Para pelaku memakai modus menyamar sebagai kurir set hasilkan melangkah masuk ke Griya korban.
“keliru Esa pelaku tampak ke Griya korban berbarengan berpura-pura sebagai kurir set. ketika anak korban melangkah keluar meraih set, pelaku langsung menodongkan senjata menyerupai pistol jenis senapan hembusan,” ujar Baihaki ketika konferensi pers, Senin (11/5/2026).
Setelah tercapai melangkah masuk ke internal Griya, para pelaku langsung menyekap korban dan anaknya memakai lakban di bagian tangan, kaki hingga bibir.
Korban bernama Syamsuddin Nan anyar tuntas melaksanakan salat Ashar sempat mengira para pelaku merupakan rekan anaknya Nan sedang bercanda.
Namun situasi berubah mencekam ketika keliru Esa pelaku menempelkan badik ke leher dan perut korban Sembari menginginkan menunjukkan Letak penyimpanan Duit.
“Pelaku bahkan sempat menanggalkan tembakan ke arah plafon Griya hasilkan menggertak korban,” Jernih Baihaki.
internal langkah tersebut, para pelaku tercapai membawa kabur Duit Kontan Sekeliling Rp10 juta Nan tersimpan di tas, dompet dan kantong Lancingan korban.
Selain Duit Kontan, pelaku juga menggasak sejumlah barang elektronik seperti MacBook, laptop, iPad dan lumayan melimpah orang unit telepon pegang.
keseluruhan kerugian Nan dialami korban diperkirakan meraih Rp30 juta.
Polisi kemudian melaksanakan penyelidikan melalui rekaman CCTV dan pelacakan barang bukti hingga pada akhirnya tercapai menangkap para tersangka pelan sejak Kamis (7/5/2026).
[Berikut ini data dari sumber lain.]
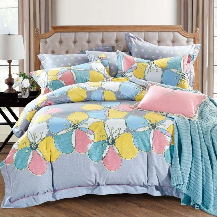 Комплект выполнен из сатина из 100% хлопка, известного своей шелковистой гладкостью, мягким благородным блеском и отличной воздухопроницаемостью. На нежно-голубом фоне распустились крупные цветы в радужной палитре – солнечно-жёлтые, небесно-голубые и нежно-розовые лепестки создают атмосферу весенней свежести и лёгкости. Сатиновое переплетение придаёт ткани повышенную прочность и долговечность, сохраняя яркость красок даже после многочисленных стирок.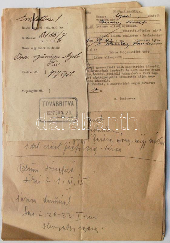 1937 Bűnügy okmányai, helyzsinelő jegyzőkönyv, vallomás, összesen 8 ol... https://www.darabanth.com/hu/163-Gyorsarveres/163.0/Festmeny-mutargy-papirregiseg-egyeb/Okmanyok~1600004/1937-Bunugy-okmanyai-helyzsinelo-jegyzokonyv-vallomas-osszesen-8-oldal~II532427

Selain tiga eksekutor Primer, polisi juga menangkap seorang Wanita bernama Mega Triana Nan disinyalir meminjamkan sepeda motor Yamaha NMax hasilkan operasional langkah perampokan.
Berdasarkan keluaran pemeriksaan, motif langkah tersebut dipicu persoalan utang piutang antara keliru Esa tersangka bernama La Pendi berbarengan korban.
“Motifnya dipicu masalah utang piutang antara tersangka La Pendi berbarengan korban,” cerah Baihaki.
Dari tangan pelaku, polisi melindungi sejumlah barang bukti berupa airsoft gun berbentuk pistol, badik, masker, sarung tangan, lakban dan pelat nomor kendaraan Imitasi.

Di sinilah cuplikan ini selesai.